Automated way to clean lots of .txt files?

0

I have hundreds of .txt files. I need to get into each one of them and remove certain paragraphs that start with specific words but as a whole, are not exactly the same every time. Is there an automatic way that can help me clean these parts out? If yes, what is it? If not, is it easy/quick to create my own AI tool for this job? Assuming that I need to get this done very soon, does it take a lot of time to learn how to create an AI tool to get the job done for me?
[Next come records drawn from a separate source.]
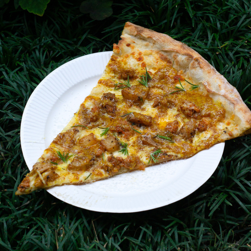 ●スパイスのきいた、マスタードのきいた、初めての味のピザです。
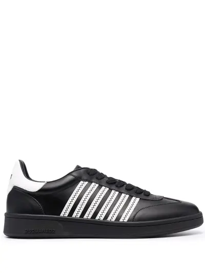 black/white calf leather side stripe detailing zigzag embroidery logo-print tongue front lace-up fastening round toe flat rubber sole branded insole
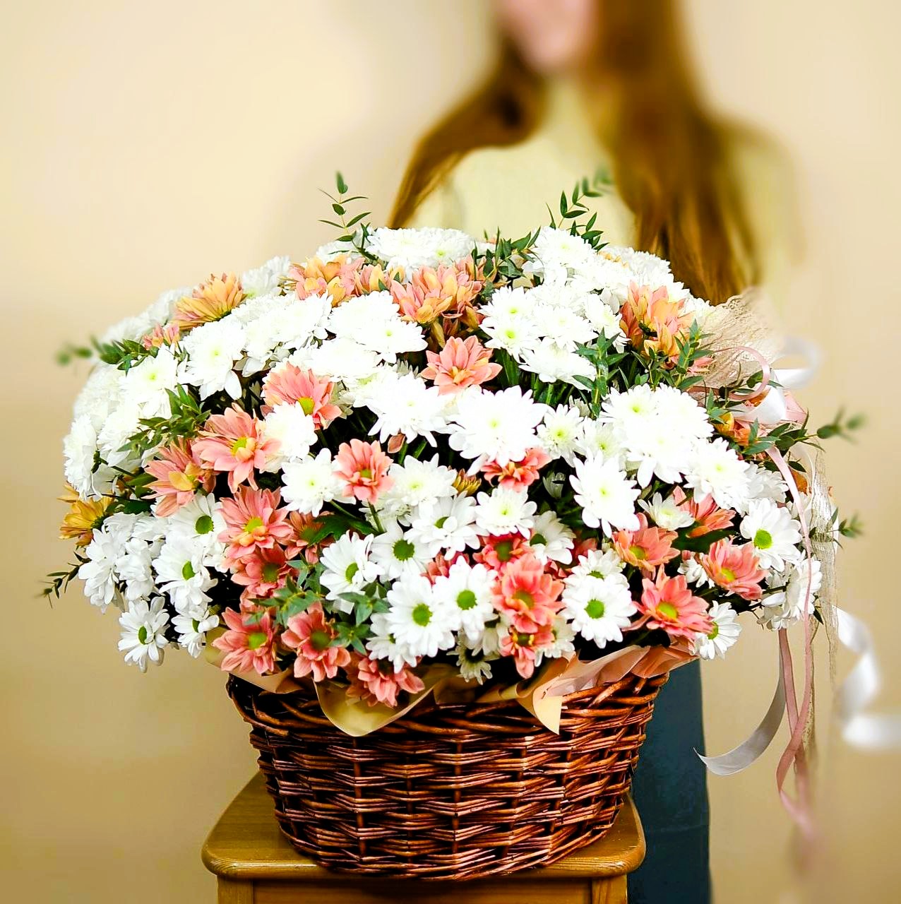 Корзина с кустовыми хризантемами — это идеальный способ выразить свои чувства и украсить любой интерьер. Эти яркие цветы символизируют радость и позитив, наполняя пространство теплом и светом. Кустовые хризантемы, благодаря своему разнообразию форм и оттенков, создают неповторимые композиции, которые поражают своим очарованием.
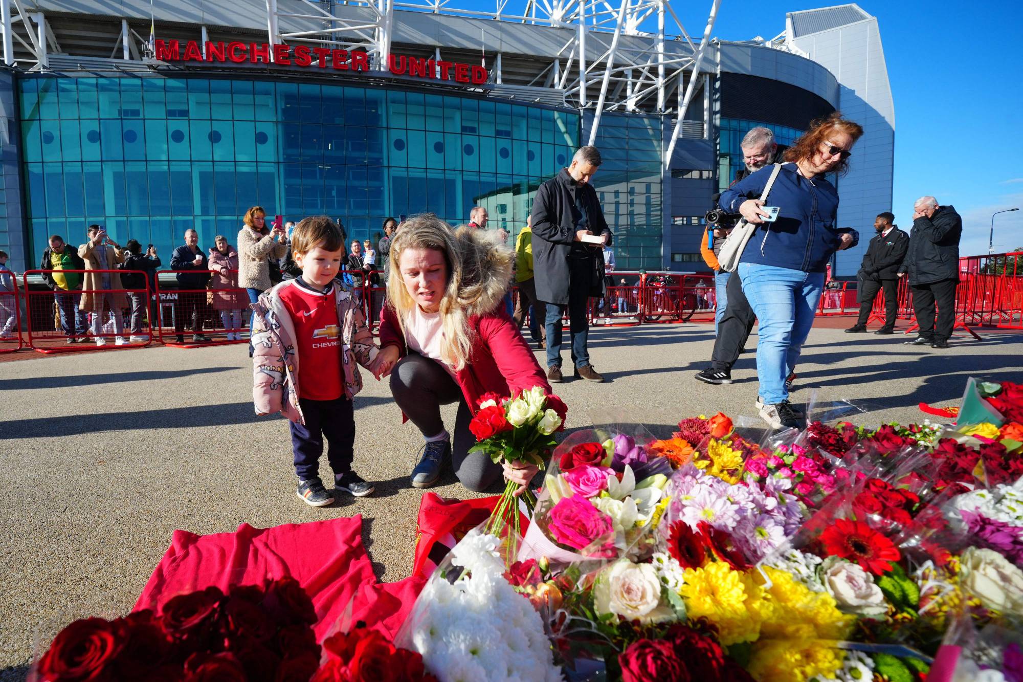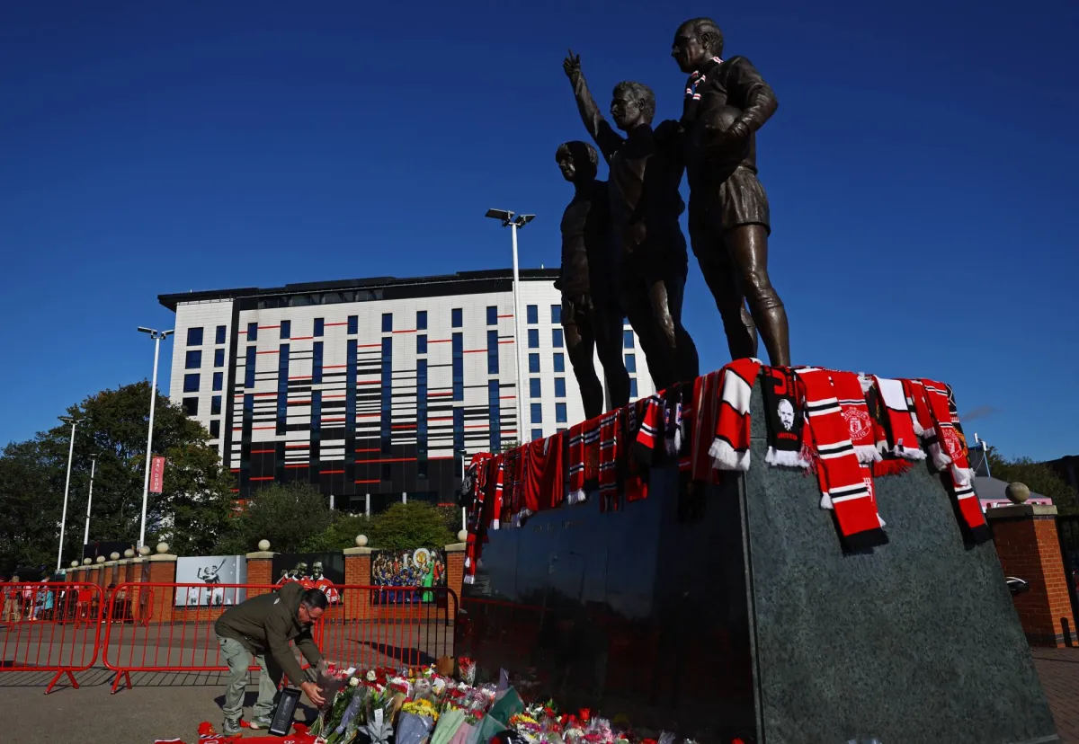 تجمع مشجعون من جميع الأعمار في ملعب أولد ترافورد، الأحد، لإحياء ذكرى أسطورة مانشستر يونايتد، بوبي تشارلتون، الذي توفي السبت، حيث اصطفوا للتوقيع على دفتر العزاء ووضع الزهور والأوشحة عند قاعدة تمثال الثالوث، الذي يشير إلى ثلاثي مانشستر يونايتد المؤلف من؛ جورج بست، ودينيس لو، والسير بوبي تشارلتون، في أولد ترافورد.
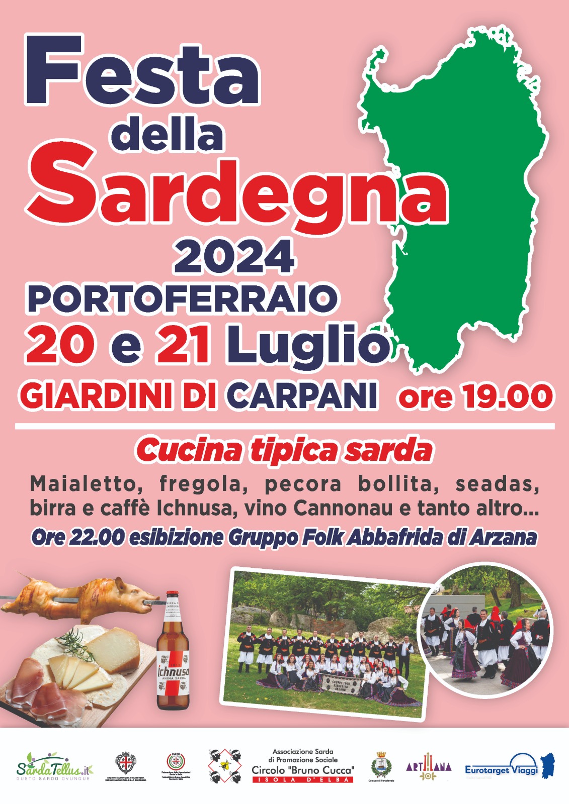 Festa della Sardegna ai giardini di Carpani a Portoferraio nei giorni 20 e 21 luglio a cominciare dalle ore 19.00. Durante la festa si gusterà la cucina tipica a base di mailetto, fregola, pecora bollita, seadas, birra Ichnusa e caffè, vino Cannonau e tanto altro. Alle 22.00 è inoltre prevista l’esibizione del gruppo folk Abbafrida di Arzana.
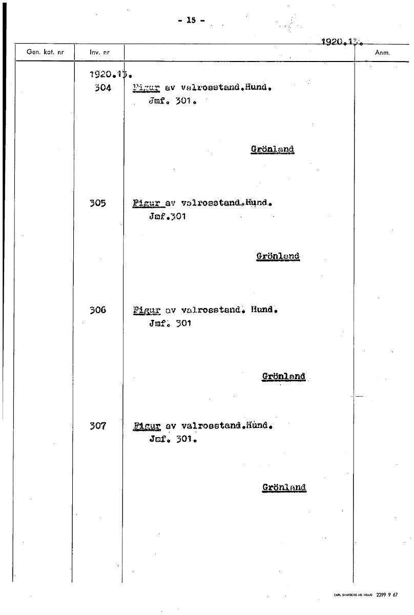 • - 15 1 20 17. 1920.1 304 av valrosotand.Hund. Jmf* 3010 Grönland 305 igur av valrosetand.1und4. Jmf.301 Grön] tid 306 War. av valrosstand: Hund. Jmf. 301 Grönlend 307 nitut av va1roostandeatind. Jemd;... Visa hela
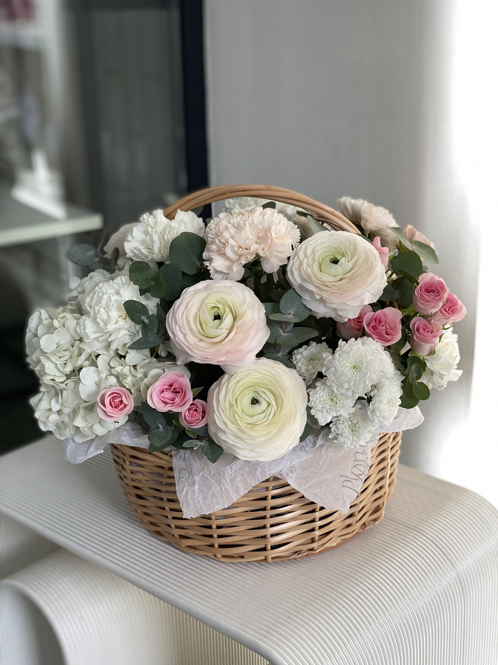 Charming elegance blooms in a rustic woven basket filled with white ranunculus, blush carnations, pink spray roses, and fresh eucalyptus. Featuring ivory ranunculus, white hydrangeas, pale pink carnations, white chrysanthemums, pink spray roses, and eucalyptus greenery, this romantic arrangement creates a cottage-inspired aesthetic. Perfect for celebrations, intimate gatherings, or as a thoughtful gift that conveys natural beauty and grace.
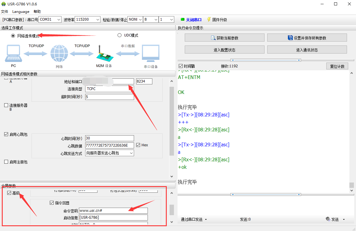 2.選擇網絡透傳工作模式,填寫要連接的服務器的IP和端口號,勾選高級查看命令密碼(命令密碼可以自定義)

1What it means "remove certain paragraphs that have specific start words but they are not exactly the same each time" ? – pasaba por aqui – 2018-03-10T14:48:22.280

I think some regex logic and use of sed command can help you out. – Ugnes – 2018-03-11T03:18:22.530

@pasabaporaqui I modified that part..it means paragraphs starting with same sentences but changing off some where in the middle. – DuttaA – 2018-03-12T12:17:25.777

Yes, but never mind. thanks ! – user105139 – 2018-03-12T18:45:53.697

1

I think theres definitely a way to do what you want, but I'm not sure AI will work magic for you.

As far as I can tell there's a few things you need.

1: A program that finds strings and removes paragraphs with the offending strings indside them.
For this, some python code:

path = '/some/path/to/file'
for filename in os.listdir(path):
with open(filename) as f:
for para in paragraphs:
for word in wordlist:
if strip(para).startswith(word):
print para
#create and write the modified file etc


This is how you can find the offending paragraphs in a file.

2: You need that wordlist mentioned in the above program. If there are only a few words just define wordlist = {"words", "I", "don't", "like","to","start","paragraphs"}. If it's more vauge than that, I'd go to a thesaurus. If generating your wordlist is harder then we might be talking about machine learning.

If you absolutely need it right, and you're "only" doing 100s, it'll take a while to program an ai, then to verify it's doing things correctly, but I may very well have misunderstood your problem. If I did please let me know.